Task to complete: Set out exactly, and only, the lines running from the one containing "[보도자료] 더불어민주당 선대위" to the bottom of the listing below; pictures stay out.

Source data:
════════
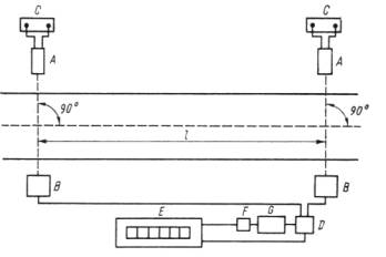 А – источник света; В – светочувствительный транзистор; С – аккумуляторная батарея на 12 В; D – блок управления; E – электронный цифровой счетчик времени; F – преобразователь; G – источник питания (постоянный ток); L – мерный участок испытательного трека
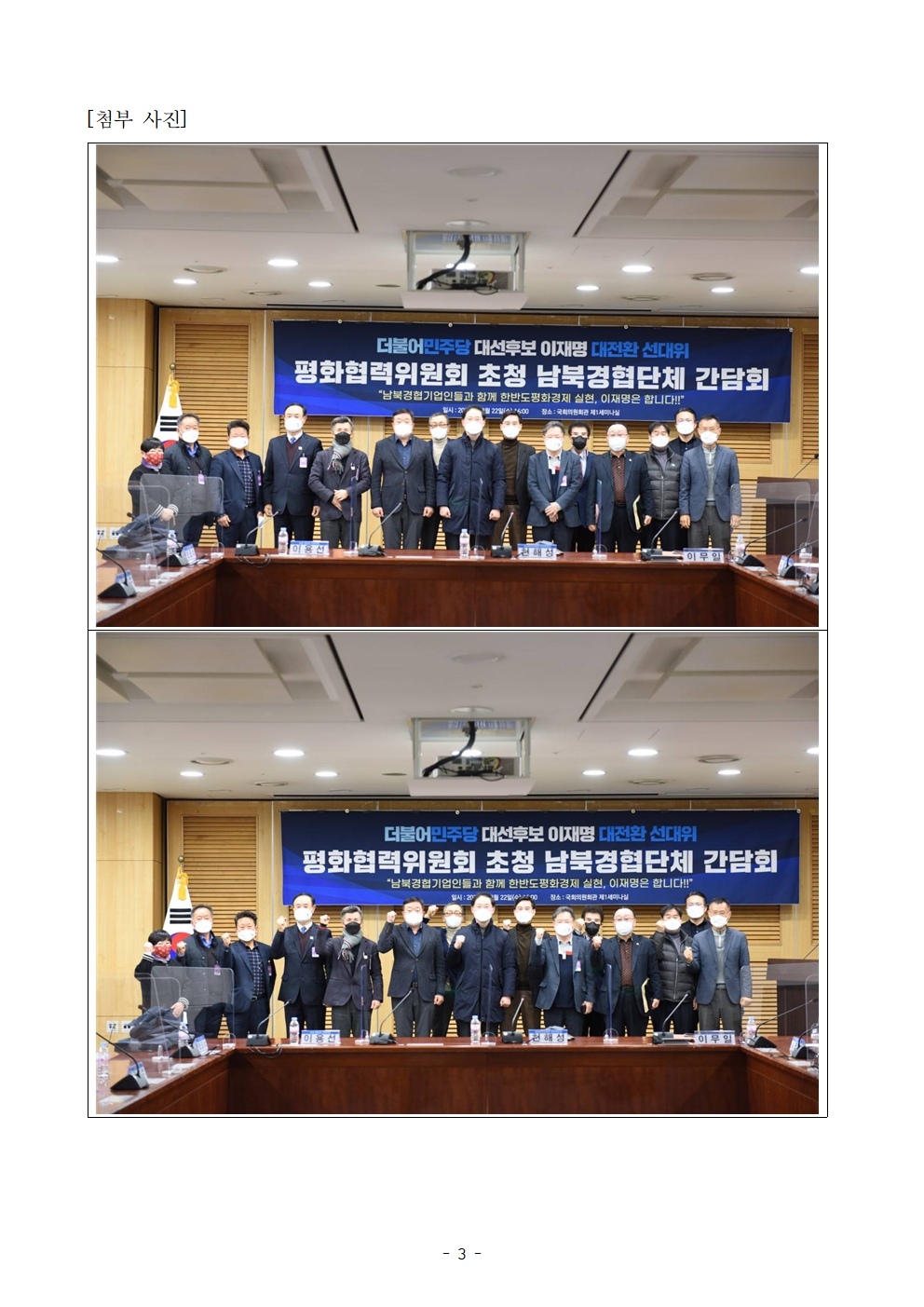 [보도자료] 더불어민주당 선대위 평화번영위원회 산하 평화협력위원회, 남북경협단체 간담회 개최
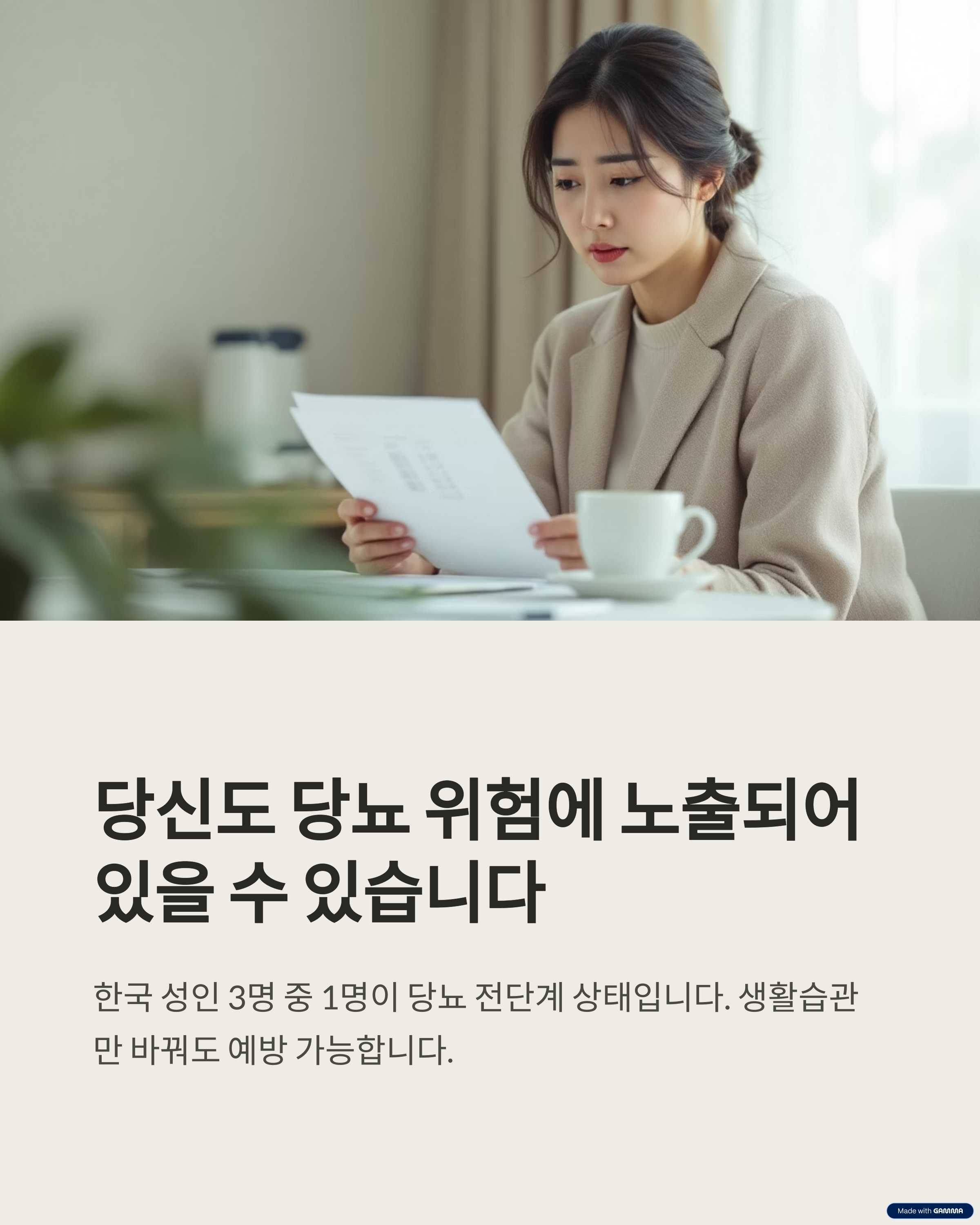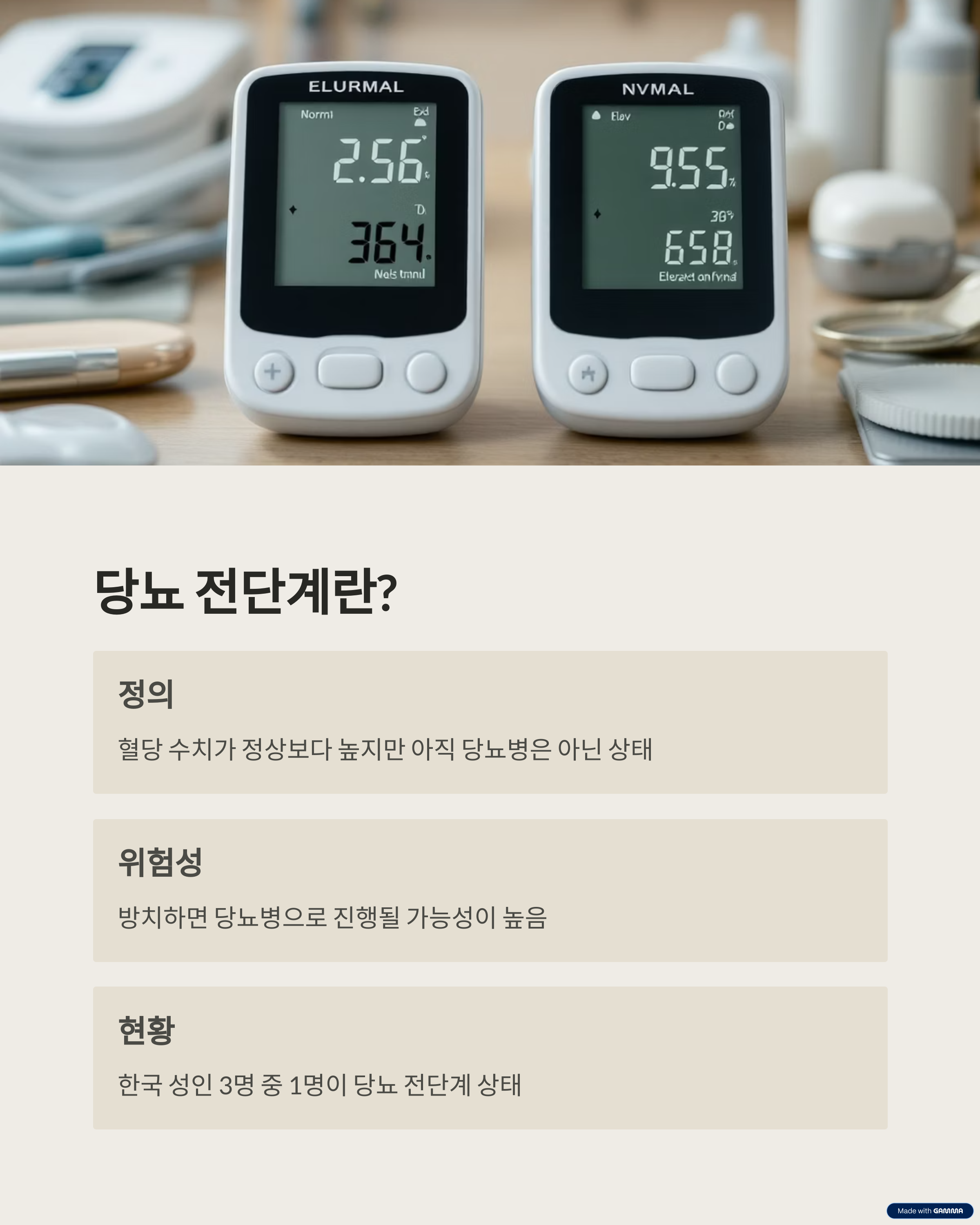 최근 건강검진 결과에서 '당뇨 전단계'라는 말을 자주 듣게 됩니다. 이는 아직 당뇨병은 아니지만 혈당 수치가 정상보다 높아 향후 당뇨로 진행될 가능성이 높은 상태를 말합니다. 놀라운 사실은 한국 성인 3명 중 1명이 이 당뇨 전단계 상태에 있다는 것입니다. 왜 이렇게 많은 사람들이 혈당 문제를 겪고 있는 걸까요?
════════
Written answer:
 [보도자료] 더불어민주당 선대위 평화번영위원회 산하 평화협력위원회, 남북경협단체 간담회 개최
 최근 건강검진 결과에서 '당뇨 전단계'라는 말을 자주 듣게 됩니다. 이는 아직 당뇨병은 아니지만 혈당 수치가 정상보다 높아 향후 당뇨로 진행될 가능성이 높은 상태를 말합니다. 놀라운 사실은 한국 성인 3명 중 1명이 이 당뇨 전단계 상태에 있다는 것입니다. 왜 이렇게 많은 사람들이 혈당 문제를 겪고 있는 걸까요?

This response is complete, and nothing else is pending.